Sanitasi merupakan kebutuhan setiap orang. Sanitasi yang dimaksud dalam penulisan karya tulis ini hanya mencakup pembuangan air limbah yang berasal dari kegiatan mandi, cuci dan kakus (MCK). Sanitasi merupakan salah satu faktor yang berpotensi menyebabkan terjadinya pencemaran airtanah di kawasan karst. Pendugaan ini didasarkan pada hasil penelitian yang dilakukan oleh Kusumayudha (2005) yang menyebutkan 8 sampel air yang diambil dari 8 lokasi aliran bawah tanah karst di Gunungkidul telah tercemar oleh Bakteri Escherecia Coli, yang diperkirakan berasal dari sanitasi yang tidak dikelola dengan baik. Hal serupa juga dikemukakan oleh Haryono (2001) yang menyebutkan 5 dari 11 mataair di Kecamatan Ponjong telah mengalami pencemaran oleh Bakteri Escherecia Coli. Oleh karena airtanah Kawasan Karst Gunungkidul begitu penting untuk memenuhi kebutuhan air bersih di Kabupaten tersebut, maka usaha untuk menjaga kelestariannya baik secara kuantitas dan kualitas harus terus dilakukan. Oleh karena itu, kajian terkait dengan kondisi sanitasi di Kawasan Karst Kabupaten Gunungkidul menjadi sangat penting untuk dapat mengetahui kondisi dan peranannya dalam pencemaran airtanah di Kawasan Karst Gunungkidul serta sebagai dasar untuk perencanaan pengelolaan sanitasi yang lebih baik pada masa mendatang.

DAFTAR PUSTAKA
Adji, T.N. 2006. Peranan Geomorfologi dalam Kajian Kerentanan Air Bawah Tanah Karst. Gunung Sewu Indonesian Cave and Karst Journal, vol 2 (1), 37-52.
Ford, D. dan Williams, P. 1992. Karst Geomorphology and Hydrology. London: Chapman and Hall.
Haryono, Eko. 2001. Nilai Hidrologis Bukit Karst.
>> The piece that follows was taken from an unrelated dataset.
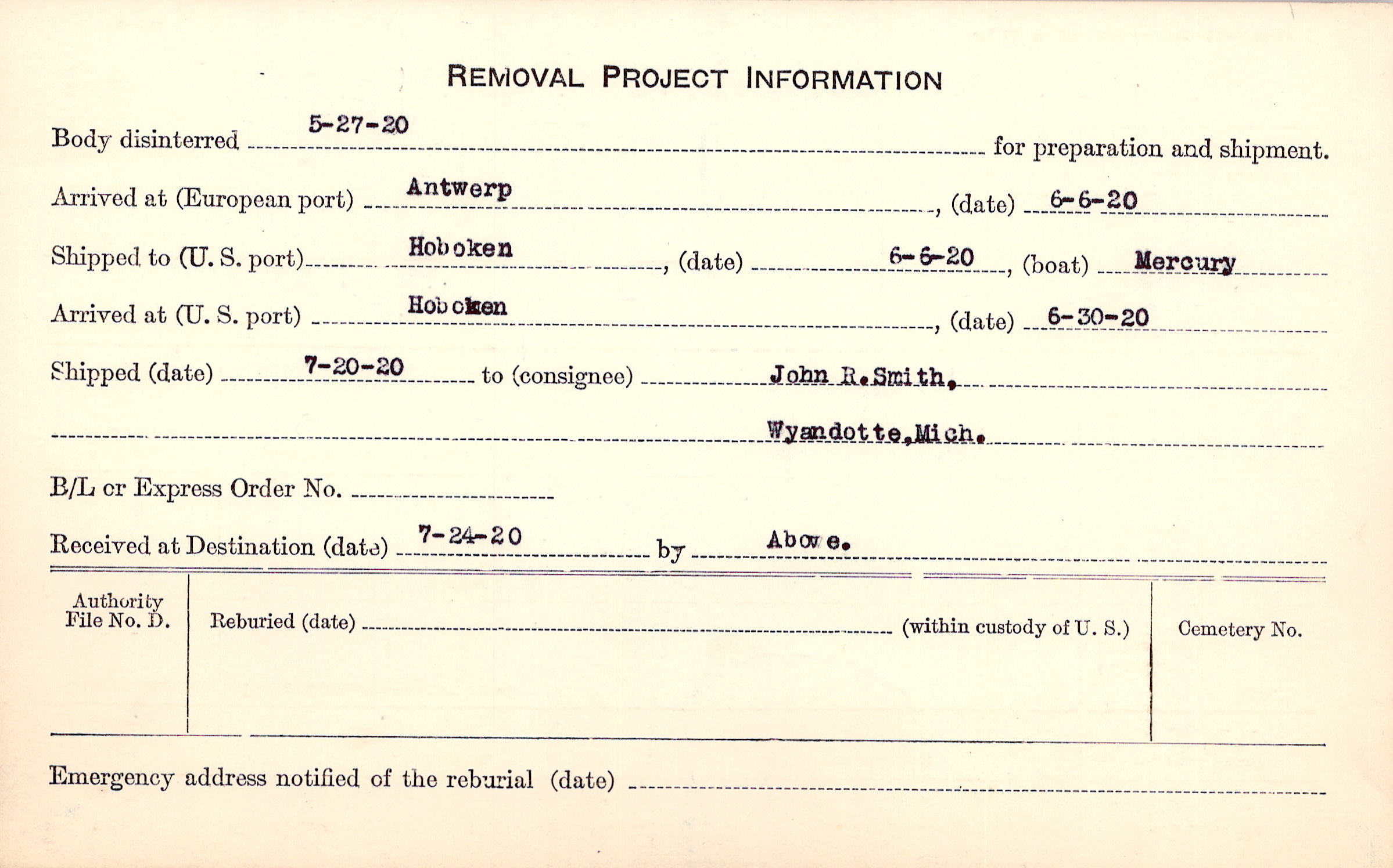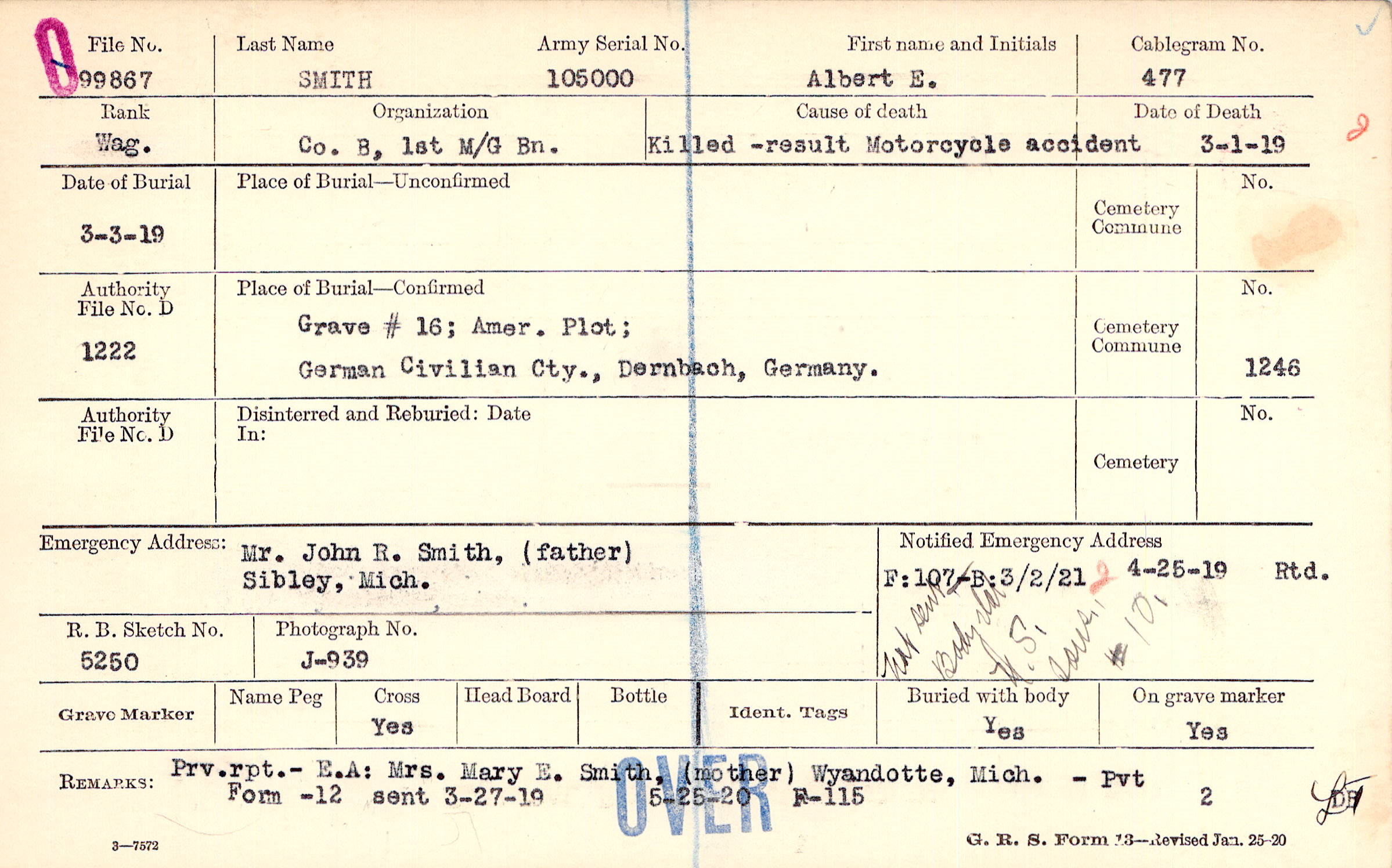 Form - 12 sent 3-27-19, Form -12 sent 3-27-19, 5-25-20 F-115 Prv. rpt. - E.A.; Mrs. E. Smith, (Mother) Wyandotte, Mich. - Pvt

Makalah Seminar Nasional Eko-Hidrolik, 28-29 Maret 2001. Yogyakarta: Jurusan Teknik Sipil Universitas Gadjah Mada.
Haryono, E. dan Adji, T.N. 2004. Pengantar Geomorfologi dan Hidrologi Karst. Yogyakarta: Kelompok Studi Karst Fakultas Geografi Universitas Gadjah Mada.
Kusumayudha, S.B. 2005. Hidrogeologi Karst dan Geometri Fraktal di Daerah Gunungkidul. Yogyakarta: Adi Cita.
Leibundgut, C. 1998. Karst Hydrology; Proceedings of Workshop W2, no. 247. Rabat, Maroco: IAHS Publication.
Suryono, T. 2006. Pengelolaan Sumber Air Bawah Tanah Sungai Bribin. Gunung Sewu Indonesian Cave and Karst Journal, vol 2 (1), 37-52.